A basic French treat, she preferred them to the over-flavored, over-sugared macarons that most of Totresia seemed to idolize. She even favored them to chocolate, which surprised most women when they found out. Because of course, everyone knew what she liked. They learned she loved shades of aubergine and gray. That she adored peach-hued flowers and fruity tea blends. That she'd rather nestle alone in the shade of a tree to pursue her needle-work in peace, away from the chatting girls indoors.

She was the Princess of Totresia; her life was on display for all to watch. And she hated every second of it.

When Clarisse pivoted and scurried to the armoire to extract Cordelia's night-gown, the Princess snuck a few nibbles of the flaky pastry before touching her soup.

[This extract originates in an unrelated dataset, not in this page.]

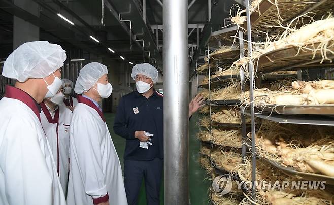 (서울=연합뉴스) 김강립 식품의약품안전처장이 추석을 앞둔 15일 홍삼을 제조하는 건강기능식품제조업체를 방문해 품질·위생관리 실태 및 코로나19 방역 관리 상황을 점검하고 있다. 2021.9.15

She let each savory bite glide down her throat and warm her soul; what little she had left of it, at least.

She ate, brushed her hair once more, and at the stroke of nine, she eased into her night-wear and dismissed Clarisse.

By candlelight, she re-read Sébastien's latest letter.

"Dearest Cordelia," she said aloud, smiling, imagining his milky voice as he batted his lashes over his cocoa-colored eyes. "I hope you are well and miss you more than I dare admit."

She settled her head against the pillow, but she wouldn't rest for long, she never did. Clarisse, in the sitting-room area, hummed as she tidied up, and the sound distracted Cordelia from her sibling's adventures.

One day it will be my turn to travel and get away from all this.